Mashed applications empower individuals by integrating different knowledge, sometimes in ways not imagined. Fantastic. But such a concoction can have a life of its own, and without supervision, cause confusion and disappointment.

Panayiotis Periorellis notes that mash applications, known formally as a "system of systems," can be unstable. Consider the case of the travel website, which brings together hotel, airline and insurance offerings. One can integrate systems from different sources, but the goals of these sources are different, and can potentially change without notice. Something as simple as the length of notice to cancel a reservation can differ. From the users' point of view, they are dealing with a single entity, the travel website, and expect a predictable and uniform experience. But the single entity can be a mirage.
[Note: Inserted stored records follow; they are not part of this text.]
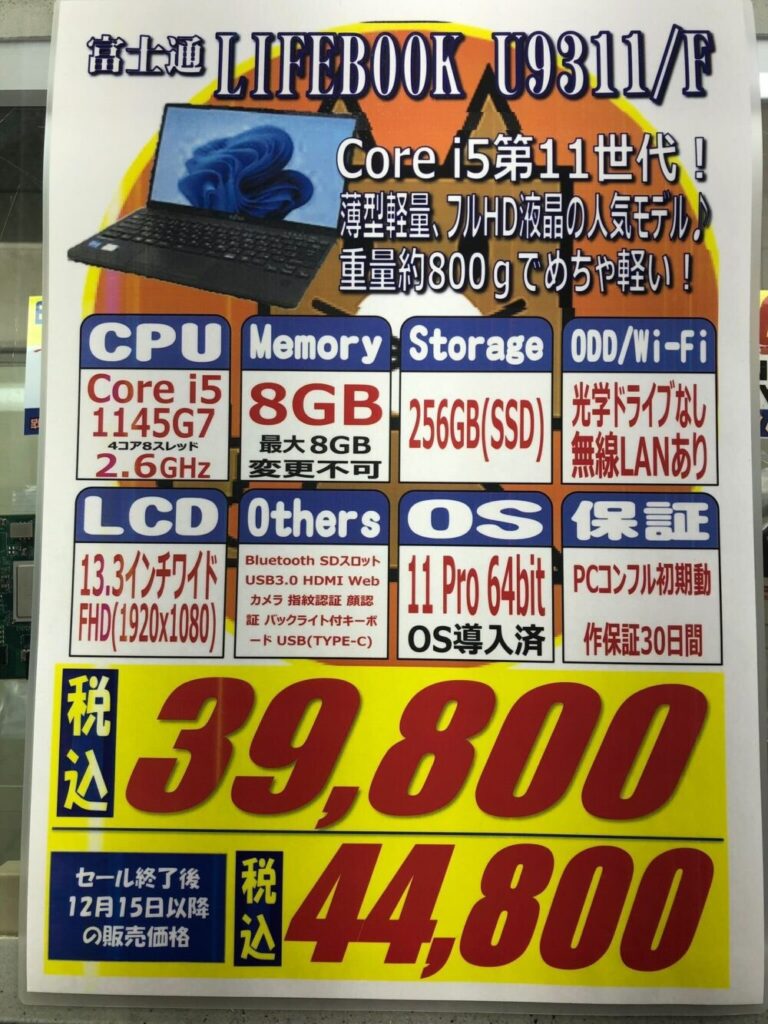 富士通「LIFEBOOK U9311/F」 税込39,800円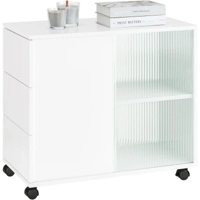 General description The SoBuy Mobile Storage Cabinet Sofa Side Table End Table is a modern design multipurpose storage solution on wheels, providing ample storage space for your needs. With a stylish appearance, it fits perfectly with any decor style while keeping your room tidy and organized. Technical specifications Material: Particle board, glass Dimensions: W70 x D35 x H61 cm Weight: 23.7 kg Load capacity: 53 kg Installation Item comes in a flat pack and requires self-assembly Detailed instructions supplied Usage Ideal for storing items within reach or for display 3 drawers and 2 storage compartments for books, magazines, etc. Can be used as a file cabinet or printer stand in the study room and office Mounted on 5 sturdy wheels (2 with brake) for easy mobility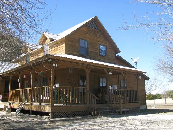 Great little ranch with good cover, beautiful oaks. Drive down a winding road with gorgeous oaks on either side to the beautiful rustic home with a large wrap around front porch! You can kick your feet up here!! Home has beautiful woodwork!! Large living with wooden beams on ceiling, custom wood (real wood) floors in dining and kitchen! Apartment has been added to the back of the home that would make great office for a work at home person or a wonderful set up for extended family. Large oaks in the yard, hill country view from large front porch! Beautiful place to raise a family, as the seller's have done! Good small town school. Great place to retire, have a garden, raise a few calves or dorper sheep. Ag exempt has expired. Has a large storage building, a large metal shop or barn. Property is fenced and cross fenced, has two stock tanks that are both dry.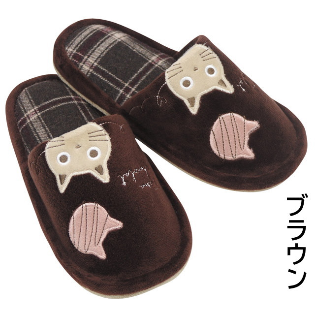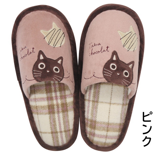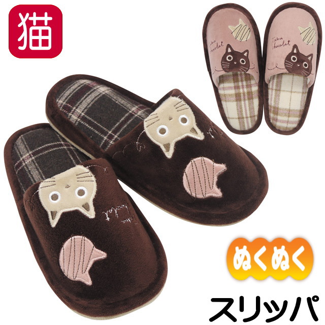 スリッパ 猫 たま チェック 起毛 あったか 秋冬 ルームシューズ 室内履き カジュアル 人気 ペア カップル 女性 レディース キッズ ギフト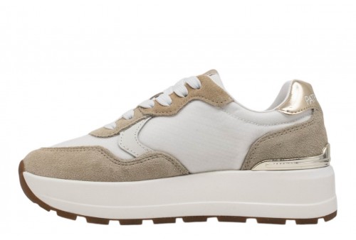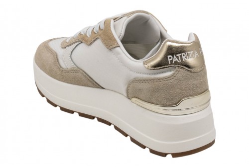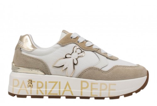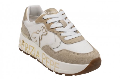 PATRIZIA PEPE donna sneaker PPJ369.02 CROSTA BEIGE. Sneaker con platform realizzata in pelle con inserti in suede. Applicazione logo in metallo platino. Spoiler in pelle laminata platino con logo impresso. Maxi logo sulla suola. Chiusura con lacci.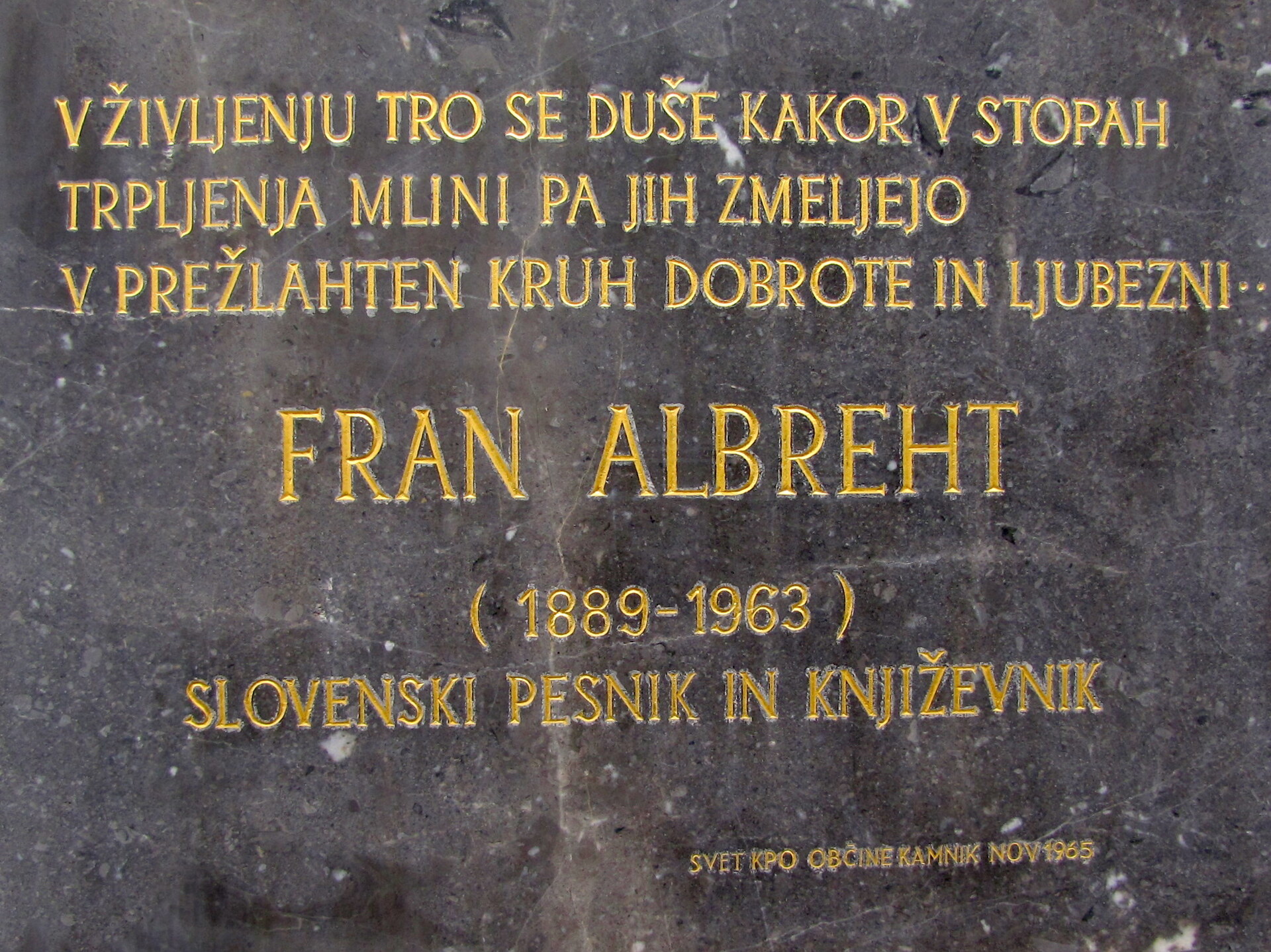 Albrehta – slovenskega pesnika, prevajalca in politika. Pot nadaljujemo vse do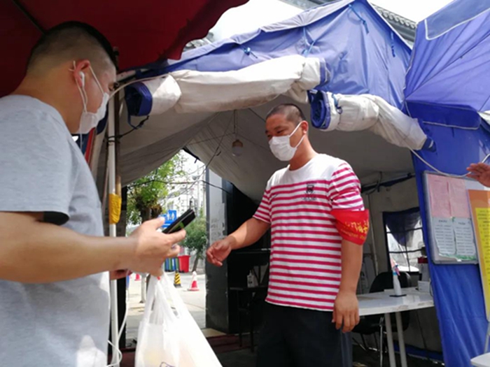 在村镇领导、集团临时党支部和下沉小组的共同努力和配合下,我们每天要组织三五百人到指定检测点进行检测。为了保证能够按时有序完成任务,头一天就要将第二天的检测工作进行部署安排,落实相关人员信息,并通知本人。检测结束后,还要进村入户,对隔离人员的健康进行监控。工作虽然辛苦,但我的心情却是激动的,能为国家和人民尽一份自己的力是多么荣幸和骄傲的事!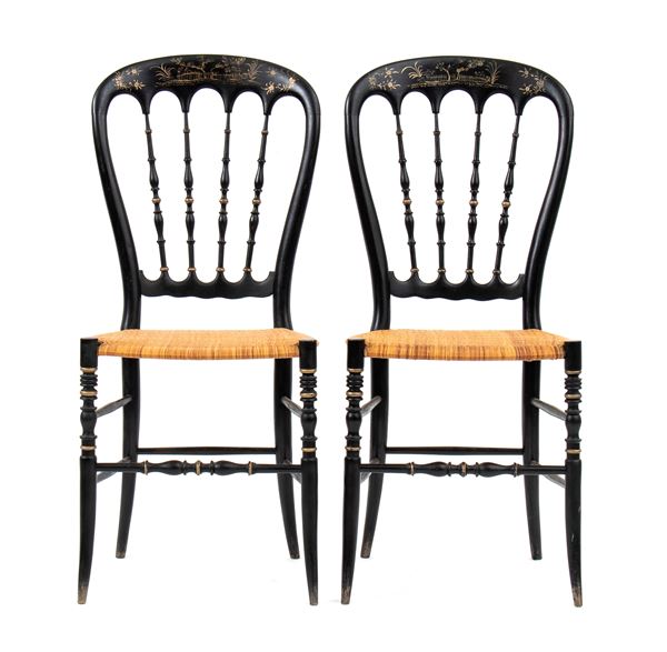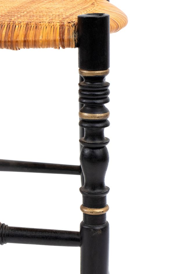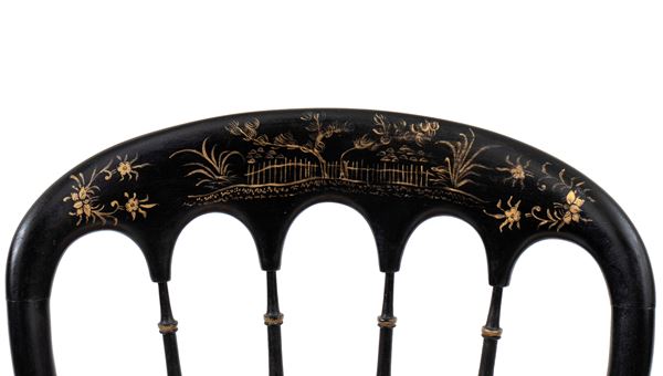 in legno ebanizzato, dipinte a motivi orientali in oro. Seduta in paglia.

I expect the usability issues arising from systems of systems will become increasingly important in the future. Mashed applications offer a lot, but will need to deliver what they promise.

Sunday, April 02, 2006

 

remote UCD and the offshore factor

Looking over the latest CHI Interactions on Offshoring, I ask myself: Is usability about people, or data and specifications? That is the perhaps the central question when looking at how global outsourcing might affect usability over the next five or ten years.

Princeton economist Alan Blinder believes the only jobs immune from offshoring are those where hands-on or face-to-face contact is essential. Many standardized jobs can nearly as easily be done offshore by people following detailed predictable procedures. Onshore jobs will be "in the delivery of services where personal presence is either imperative or highly beneficial. Thus, the U.S. workforce of the future will likely have more divorce lawyers and fewer attorneys who write routine contracts." (see, for example, Will Your Job Survive?)
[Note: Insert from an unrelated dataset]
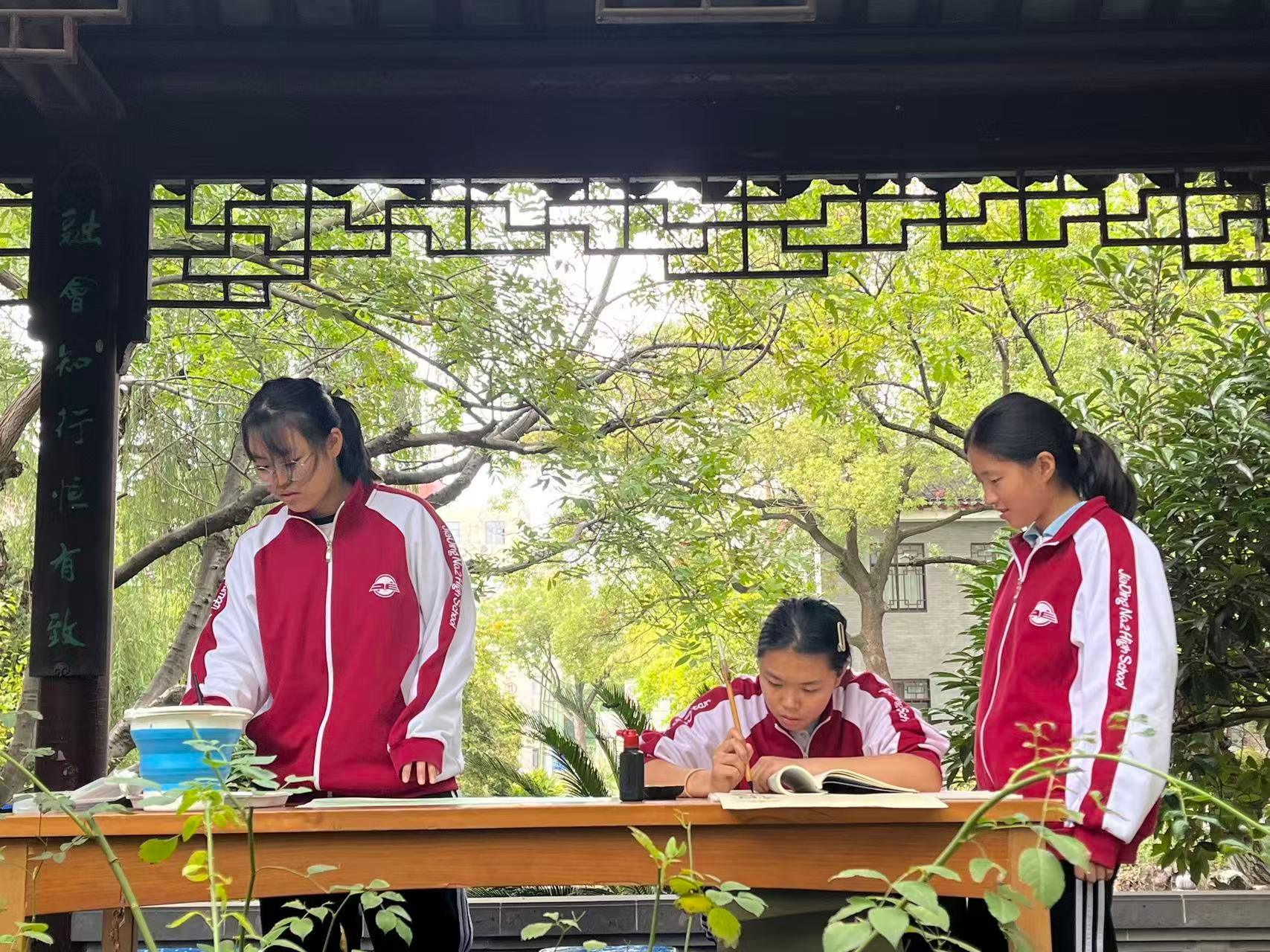 “古韵新潮,青春赋新声”2025年嘉定二中校园艺术节期间,李园长廊户外书画展区正式启幕,成为师生热切光顾的“打卡胜地”,以笔墨丹青定格秋日校园雅韵。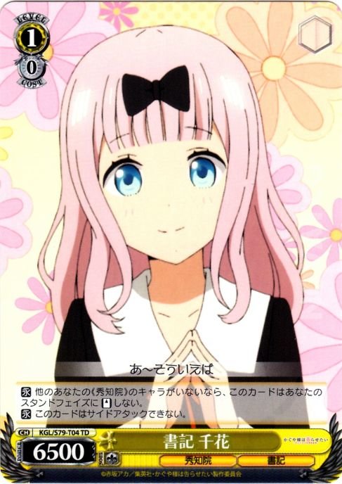 【永】 他のあなたの《秀知院》のキャラがいないなら、このカードはあなたのスタンドフェイズに【スタンド】しない。

If one sees usability primarily has the collection and analysis of quantifiable data on user behavior, outsourcing these tasks seems possible, given adequate infrastructure. There are numerous firms selling click stream solutions to track user behavior, and VPN technologies are sure to improve to allow better self-administered user tests. There are even a few companies developing remote elicitation tools to collect data on user wants or mental models, to provide some raw data to shape new designs.

For "mature" user interfaces, where a system of specifications has been defined extensively, offshore designers can design variants without problem. Modularity in UIs is good design practice, and makes it easy for third parties to create new UIs consistent with existing ones.
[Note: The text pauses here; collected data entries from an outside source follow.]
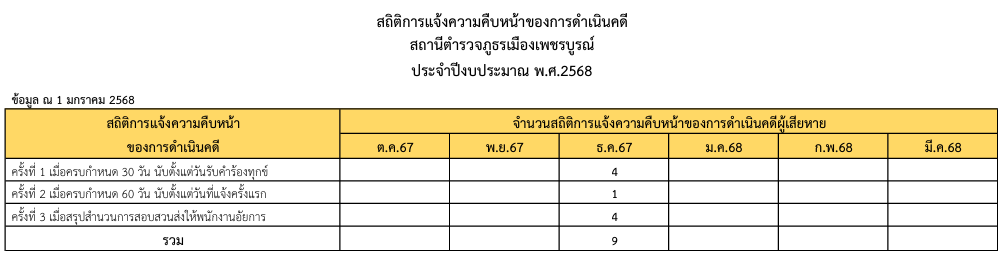 ข้อมูลผลการดำเนินงานในเชิงสถิติการแจ้งความคืบหน้าของการดำเนินคดี เดือน มกราคม 2568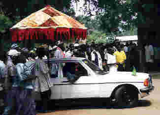 On the morning of February 2, 2001 a crowd of people gathered on the election site not far from the Sandem-naab's palace: chiefs of other Bulsa villages, officers of the Sandema Local Council, Kadema compound heads, policemen, who should guarantee a smooth course of events, petty traders, music bands, curious visitors and of course lots of children of all ages. Between 10 and 11 o'clock the contest-ants, surrounded by their close friends and male relatives arrived on the festival ground. Some time later the Sandemnaab in his white Mercedes with two riders on impetuous horses in front of him and a courtier holding a large red parasol behind the car entered the scene. The Sandema-chief and his retinue sat down in the shade of some trees, beside him the chiefs of other Bulsa-villages and in front of him, facing the group of chiefs the three contestants: Akisibadek Ayukanbe, the late chief's son from Kadema-Gaadem, Anbang-puringnaab, the late chief's father's son and Ajeuk (?), son of Anangaasa from Kadema-Kpikpaluk.
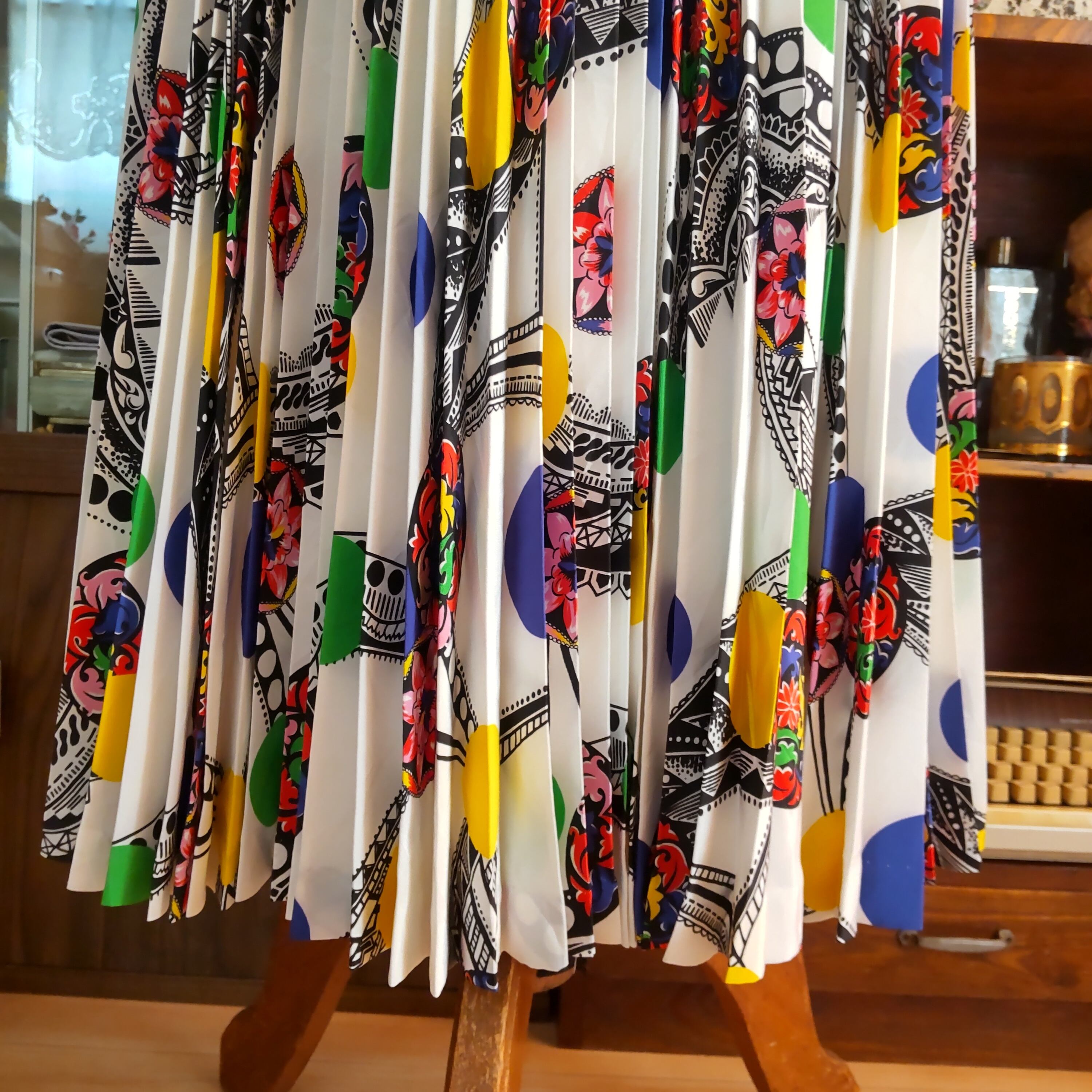 動きのある細かなプリーツにユニークなドットのレトロ柄が素敵なヴィンテージスカートです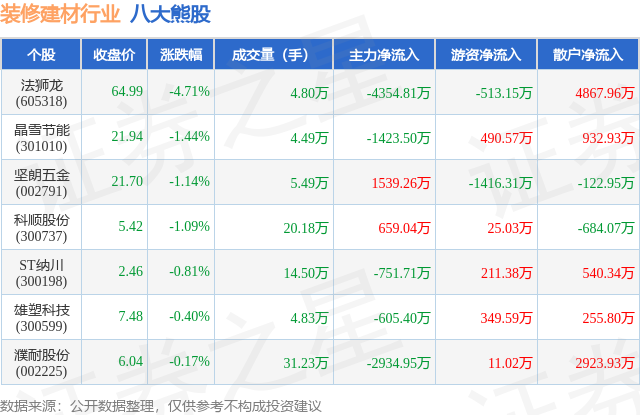 个股表现方面,装修建材行业当日领跌股为法狮龙(605318),该股当日报收64.99,下跌4.71%,成交量4.8万,主力资金净流出4354.81万元。晶雪节能(301010)以下跌1.44%紧随其后,该股当日成交量4.49万,主力资金净流出1423.5万元。除此之外,坚朗五金(002791)、科顺股份(300737)、ST纳川(300198)均进入当日熊股之列。具体个股列表见下表:

There are inexorable pressures on user interface design to develop practices that yield more predictability, reusability, and speed to the production of user interfaces. These pressures are driving the creation of in-house corporate, and industry-wide standards. And standards are the lifeblood of the outsourcing industry. If a process can be standardized, it can be outsourced.

Despite the pressures to define standards, there are many, many things about UI design that remain, and will likely remain, messy. Usability professions are like divorce lawyers, and UCD practitioners like psychotherapists soothing the traumatized divorcee. People a want to be happy, and formulaic standardized responses will not offer them the satisfaction they seek to embark on a new, happier life with a new technology.

Telecommunications doesn't seem likely to displace the face-to-face communication needed to understand the why of an issue. Self administered questionnaires and remote discussions are hardly a robust source for insight. Innovation is a counterbalance to standardization. Innovation can be augmented by telecommunications, but face-to-face discussion seems vital.

While I fully expect an offshore aspect to UCD to develop, I also believe that context is too crucial for offshore usability to become a full fledged alternative to onsite usability.